Farmers in Punjab and Haryana on Thursday put up blockades on different roads and highways as part of their countrywide protest against the Centre’s farming laws, PTI reported. A day earlier, the farmers had agreed to leave the Railways premises but said that they would continue with their agitation, according to The Indian Express.
The All India Kisan Sangharsh Coordination Committee had called for a countrywide “chakka jam” from 12 pm to 4 pm. Commuters faced difficulties because of the road blockade put up on several state and national highways. The police diverted the commuters to a different course, which led to traffic snarls.
Bharatiya Kisan Union general secretary Sukhdev Singh Kokrikalan said road blockades have been put up at 35 places, including Mansa, Sangrur, Patiala, Bathinda, Barnala, Ludhiana and Punjab. Kisan Mazdoor Sangharsh Committee General Secretary Sarwan Singh Pandher said they have put up road blockades at 45 places in 10 Punjab districts.
Protesting farmers called the Centre’s farm legislation “black laws”. They expressed fear that the laws would destroy their farming community and would only be beneficial for corporates. The farmers also criticised the Centre for suspending goods train, affecting the supply of fertiliser, coals and other essential items.
On Wednesday, farmers had said that they would allow for the movement of goods trains but not passenger trains. Indian Railways has claimed that it incurred a loss of more than Rs 1,200 crore because of the “rail roko” protest by farmers.
Kokrikalan, however, said that the Railways was projecting a wrong picture. “Our union is sitting at tracks at two places,” he said. “But, these tracks are used only by thermal plants. The main lines are open.”
However, the railway ministry claimed that protests along railway tracks in Punjab were underway in 32 places, according to the Hindustan Times.
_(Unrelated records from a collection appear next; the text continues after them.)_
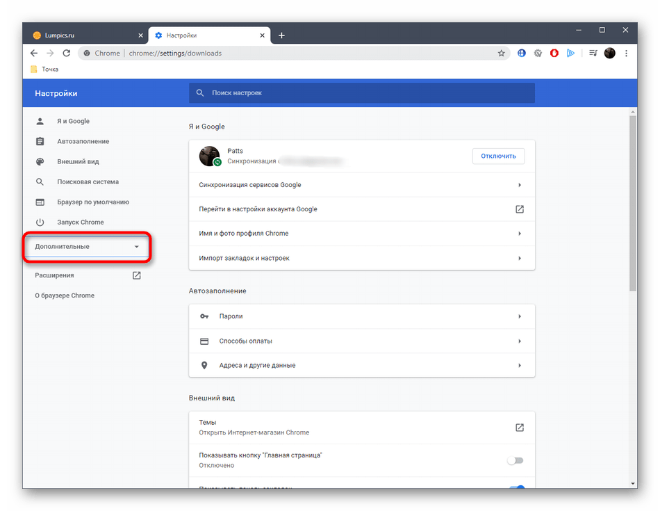 Чтобы переназначить направление для загружаемой информации в Chrome, нужно также нажать на троеточие и перейти в настройки браузера. Далее необходимо:
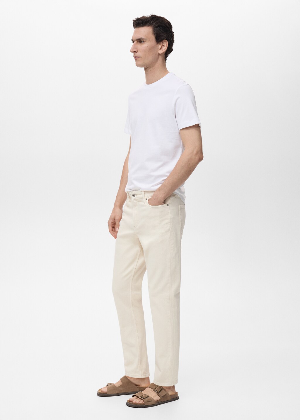 tapered fit: свободные штанины, зауженные от колена до щиколотки, рост модели: 180 см, размер: 42, рост модели: 185 см, размер: 42, изделие выполнено из хлопка, белый цвет, шлевки для пояса, цвет экрю, фасон tappered, хлопковая ткань, кроп-дизайн, стиль джинсов, шлевки для ремня, застежка-молния и пуговица, два боковых кармана, карман для монет, два накладных кармана сзади,, . внутренняя длина: 72,0 cm . внешняя длина: 98,0 cm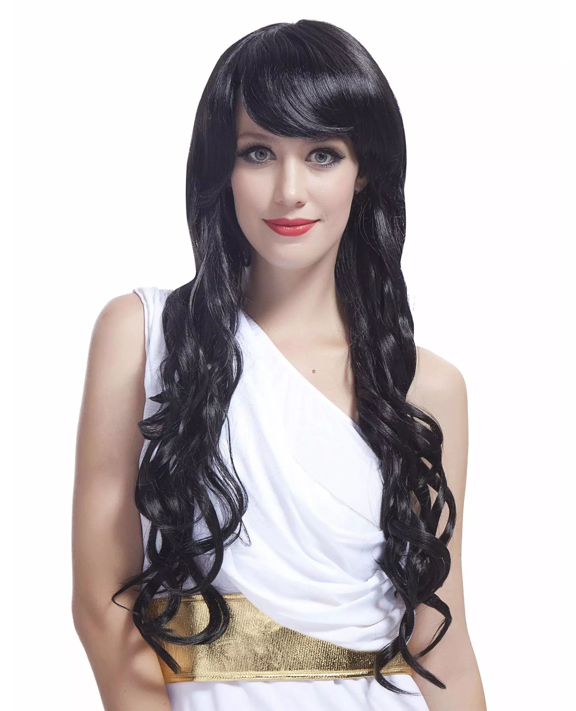 Glans og veldefinerte krøller! Denne glamorøse parykken for kvinner er svart og faller nedenfor brystet. Panneluggen og de perfekt definerte krøllene vil gi et glamorøst preg til kostymet ditt. Den vil være det ideelle komplementet til kostymet ditt under kostymefester, til et show eller til og med til Halloween. Inkludert tilbehør: Parykk Materiale: Syntetisk 100 % polyester 100 % polyester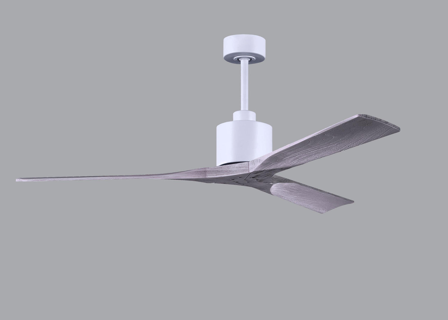 Matthews Fan NK-MWH-BW-60 Nan 6-speed ceiling fan in Matte White finish with 60” solid barn wood tone wood blades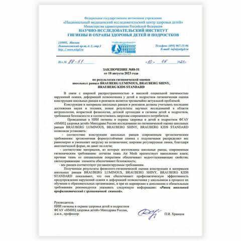 Компактный ранец BRAUBERG KIDS STANDARD выполнен из легкого формоустойчивого материала EVA, благодаря которому содержимое ранца надежно защищено от деформации. Компактный размер, эргономичность, вместительность – главные преимущества данной модели. Ранцы BRAUBERG KIDS STANDARD протестированы НИИ гигиены и охраны здоровья детей и подростков ФГАУ "Национальный медицинский исследовательский центр здоровья детей". В рамках проведенных исследований* было установлено, что конструкции и материалы ученических ранцев соответствуют современным эргономическим требованиям и способствуют формированию здоровой осанки у школьников.
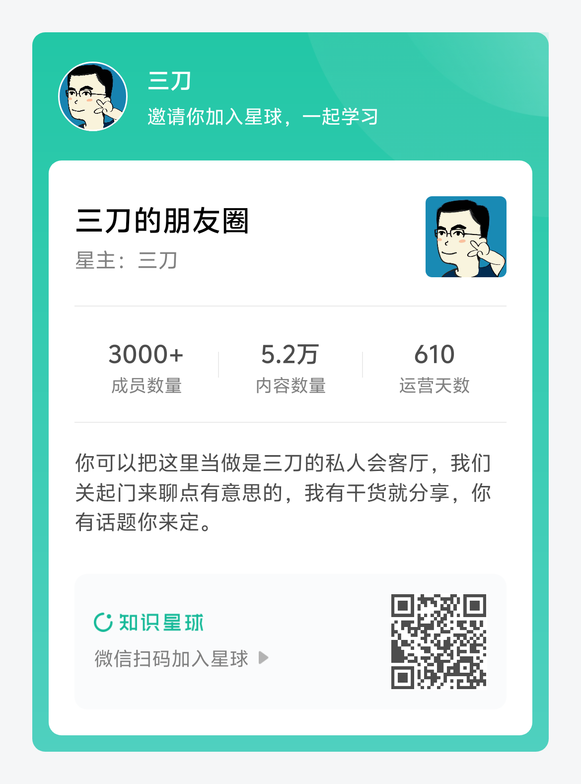 想与三刀1对1交流,扫码加入知识星球: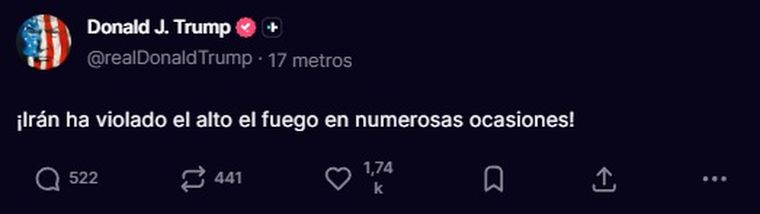 "¡Irán ha violado el alto el fuego numerosas veces!", afirmó Trump, detallando que gran parte de estas agresiones ocurrieron en el Estrecho de Ormuz contra cargueros de Francia y el Reino Unido. Para la Casa Blanca, estos incidentes representan una ruptura total de los términos acordados el pasado 7 de abril, cuando se estableció la tregua de dos semanas que expira este miércoles.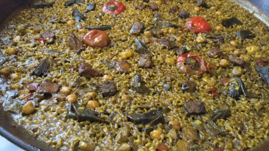 Como plato principal hemos pedido dos paellas, era difícil decidirse por uno de los tres arroces del menú y así hemos probado el Arroz con conejo y serranas y el Arroz de verdura y presa ibérica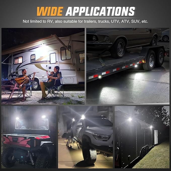 - Wide Application: Fits all 12V, and 24V vehicles, especially RVs, campers, and travel trailers, also suitable for toy haulers, tractor-trailers, cabinets, campers, motorhomes, marine boats, SUV roof racks, fire truck, and can even be mounted to the undercarriage of your vehicle, RV outside lights, RV porch light, food truck lights, roof rack lights, led scene light and cargo trailer lights, etc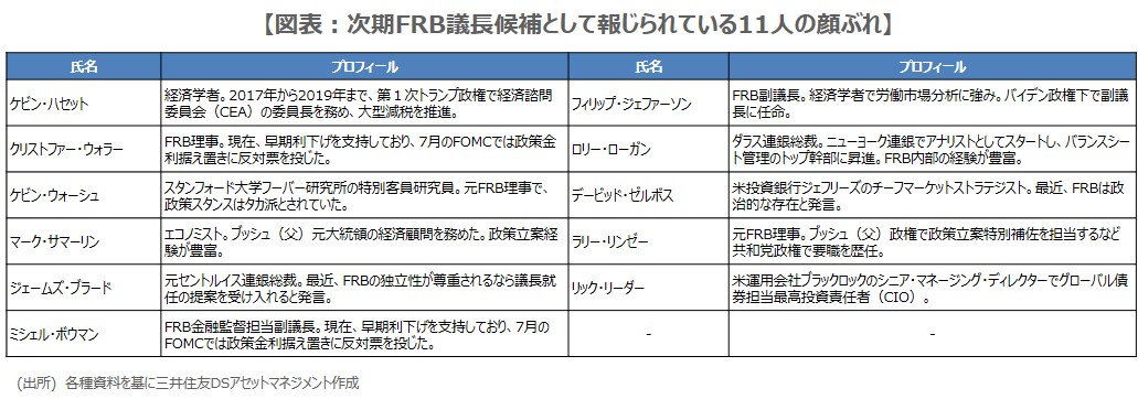 11人の顔ぶれは図表の通りですが、報道によると、ベッセント米財務長官が次期FRB議長の選定を主導し、より多くの候補者と面接した上で、最終候補者リストをトランプ氏に提出するとみられます。なお、ベッセント氏は日本経済新聞のインタビュー(8月7日)において、次期FRB議長に求める資質と、FRBの独立性について、自身の考えを明らかにしています。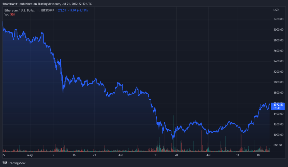 The price of Ether (ETH), which reached a high of $1,620 on July 20, retraced to a low of $1,463 in the early trading hours of July 21, according to TradingView data, and has since recovered back above support at $1,500.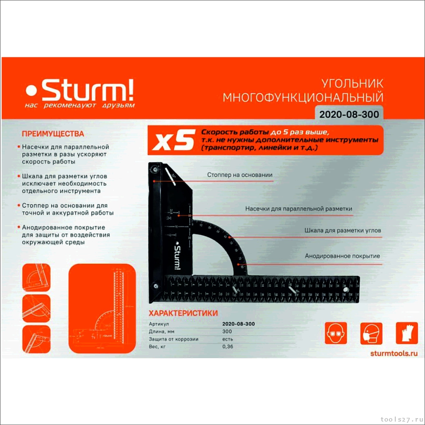 Угольник 200x300мм, разметочный, со стоппером, Sturm! 2020-08-300 (1836)

Earlier on Thursday, Railways board chairman Vinod Kumar Yadav said he has been assured that blockades along railway tracks would be removed by the next day. “DG RPF [director general of Railway Police Force] is reviewing [the] safety of the tracks,” he said. “We will resume all train services once the tracks come back in our control.”
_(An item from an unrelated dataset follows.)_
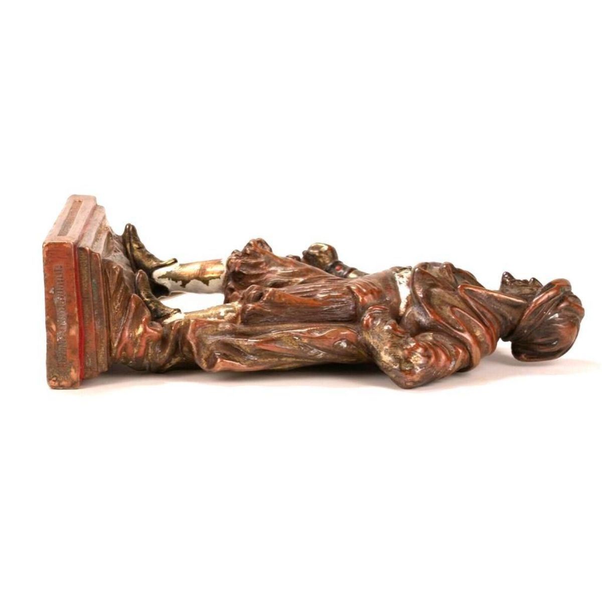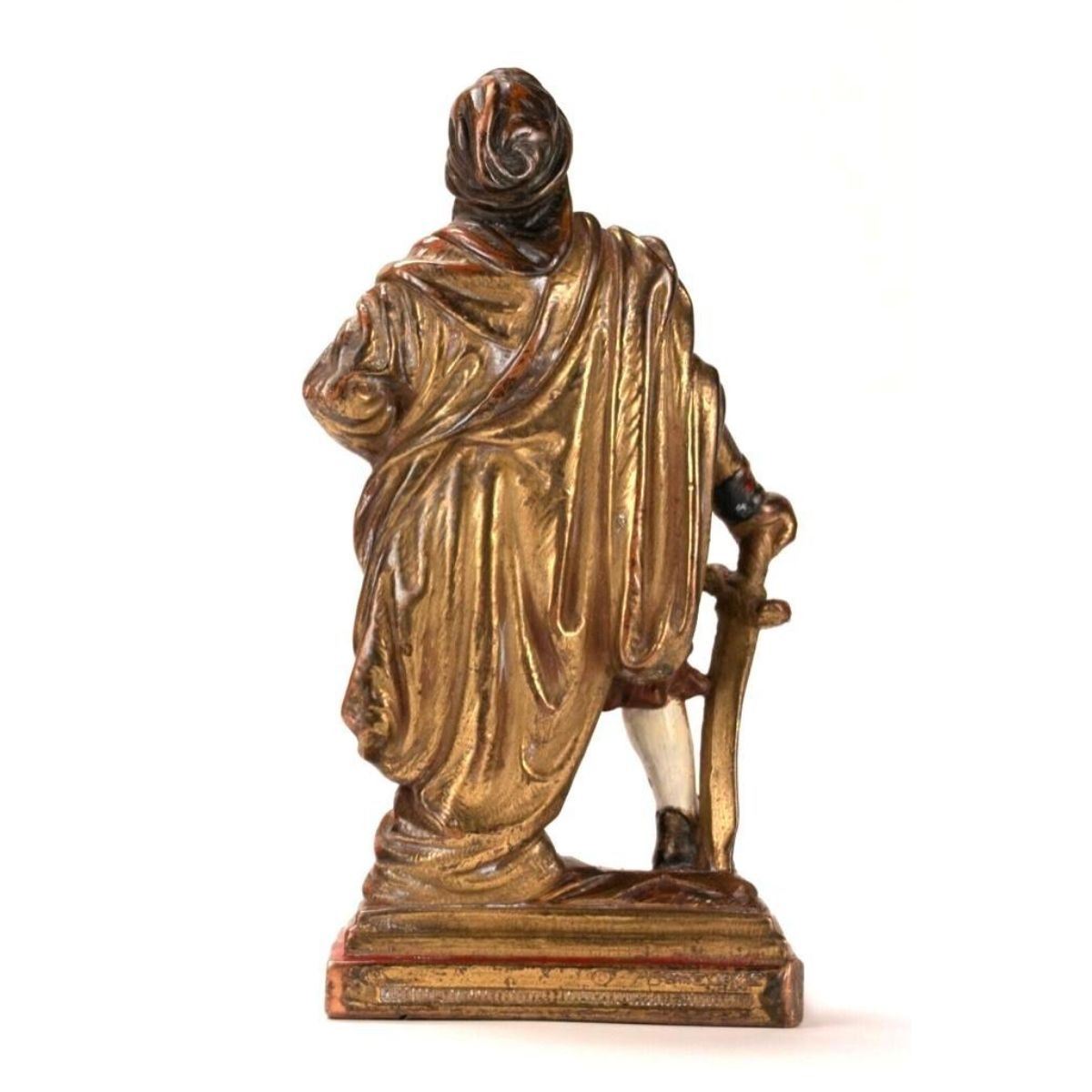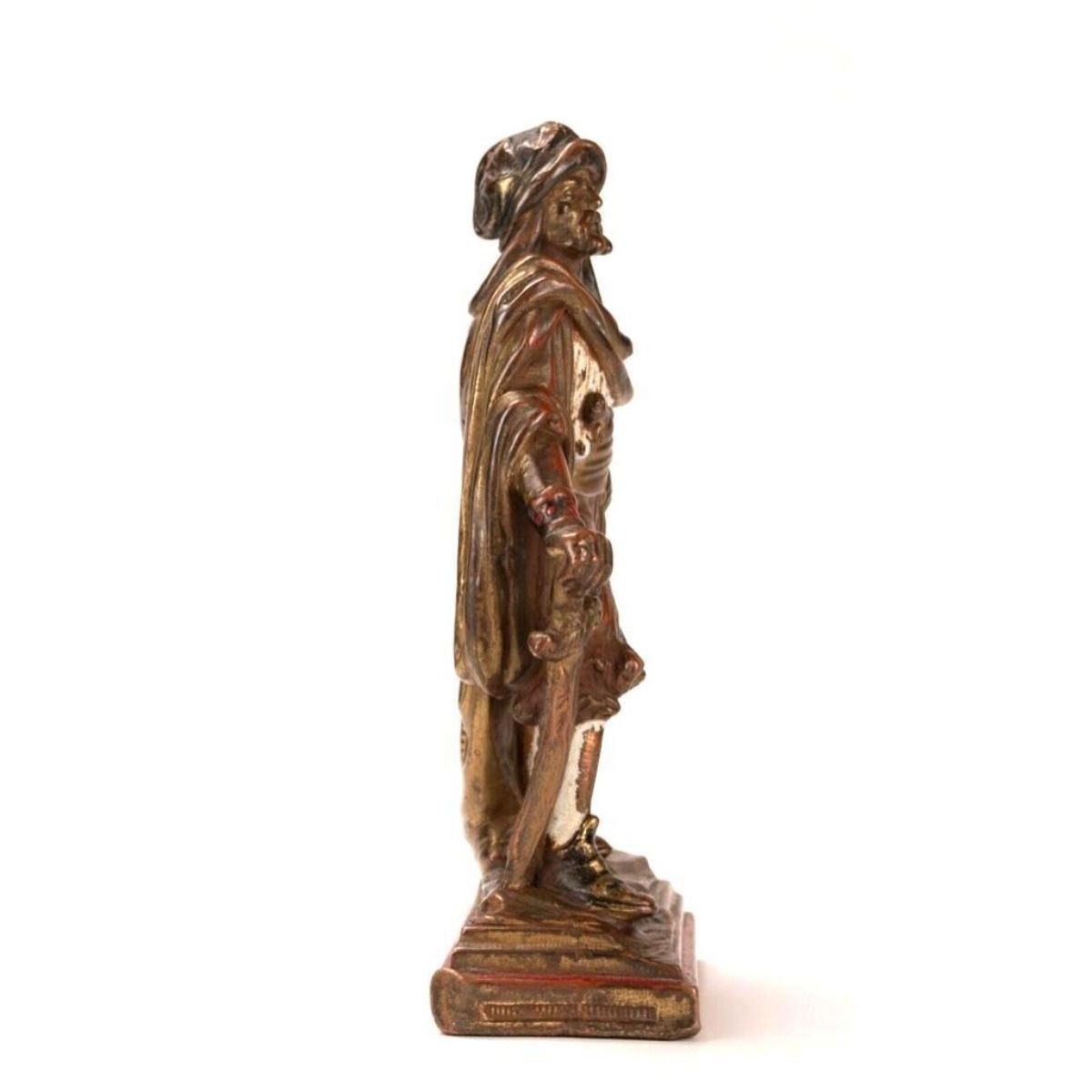 Vintage 1920's Middle Eastern Arab man, cold painted copper-coated standing statue figure with sword. Signed P. Beneduce. 9 1/2" H X 5" W X 3" D.Â

He added that the railway ministry has put forth two conditions before the state government – there should be no compromise on safety and blockades should be removed – for train services to resume.
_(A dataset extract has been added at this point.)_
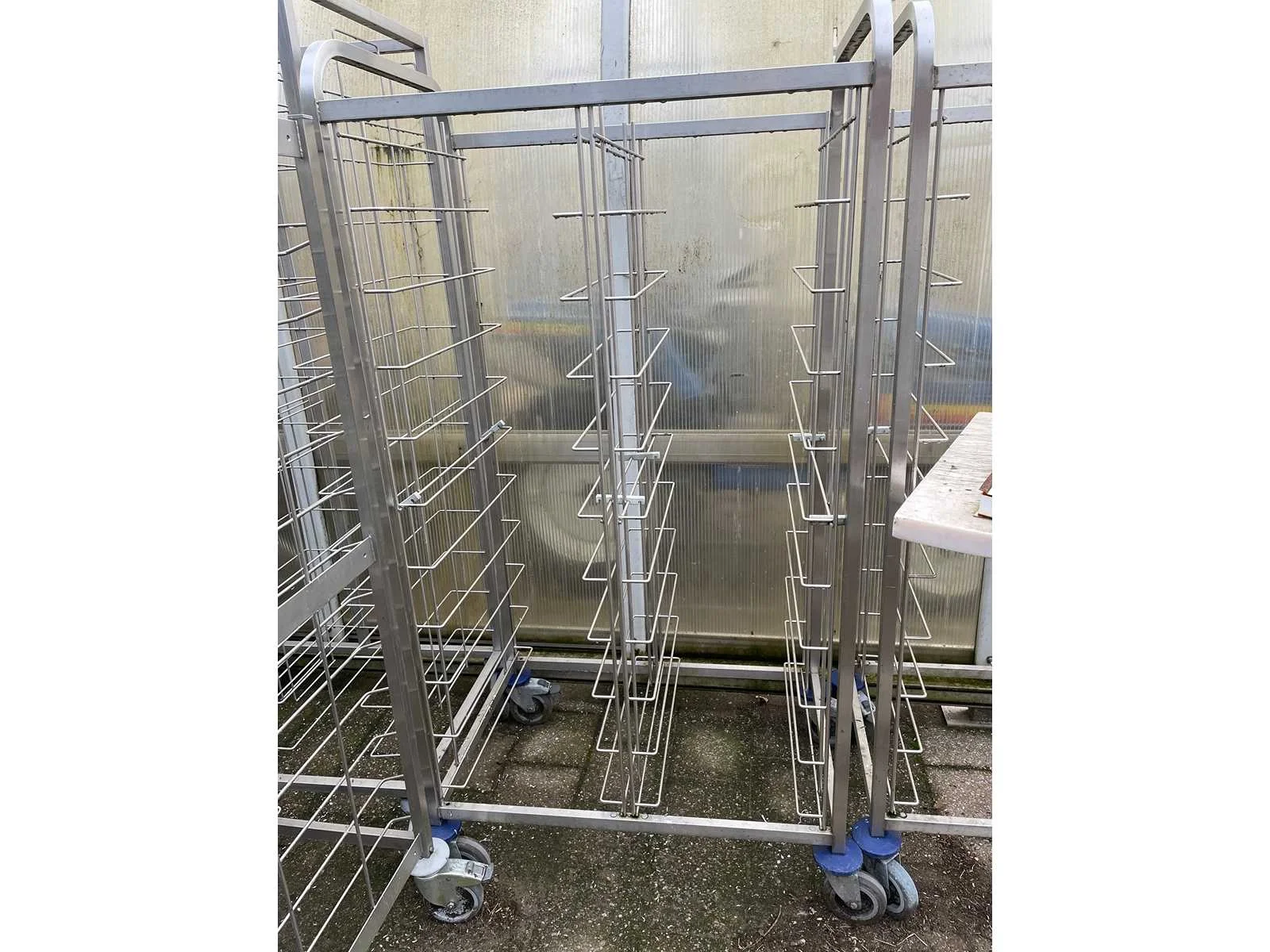 Regaalwagen voor 2 x 10 verdiepen voor GN1/1 bakken of plateaus; Lengte: 90 Breedte: 60 Hoogte: 168 Materiaal: rvs

On Wednesday, Punjab Chief Minister Amarinder Singh staged a protest at the Jantar Mantar in Delhi against the farming legislations. He was joined by Congress MLAs from Punjab, state ministers, Punjabi Ekta Party MLA Sukhpal Khaira, Lok Insaf Party legislator Simranjit Singh Bains and Shiromani Akali Dal (Democratic) MLA Parminder Singh Dhindsa. Singh accused the Centre of “choking” the state by suspending goods trains.
All essential goods in Punjab are in short supply, including fertilisers for winter crops and coal for power plants. Punjab needs 14.5 lakh tonnes of urea for winter crops, but the state has only about 75,000 tonnes, according to government officials.
The farm laws
The Parliament had passed three ordinances – Farmers Produce Trade and Commerce (Promotion & Facilitation) Ordinance 2020, The Farmers (Empowerment & Protection) Assurance and Farm Service Ordinance 2020 and The Essential Commodities (Amendment) Ordinance 2020 – in September. They were signed into laws by President Ram Nath Kovind on September 27.
Protests had erupted against the laws in many parts of the country. When two of the legislations were tabled during a chaotic session in Parliament on September 20, some Opposition MPs claimed that they would prove to be the “death warrant” for the agricultural sector.
Taken together, the three legislations loosen regulations on the sale, pricing and storage of agricultural produce. They allow farmers to sell outside mandis notified by the Agricultural Produce Market Committee. They enable contract farming through deals with private sector companies. They take food items like cereals and pulses off the list of essential commodities, lifting stock limits on such produce.
The government claims the new laws would give farmers the freedom to sell in the open market. But farmers say the laws will weaken the minimum support price mechanism under which the government buys agricultural produce, leave farmers to the mercy of market forces and threaten food security.
Most Opposition parties and farmers’ organisations across the country have strongly opposed the bills. The Shiromani Akali Dal, one of the Bharatiya Janata Party’s oldest allies, pulled out of the National Democratic Alliance in protest against these bills.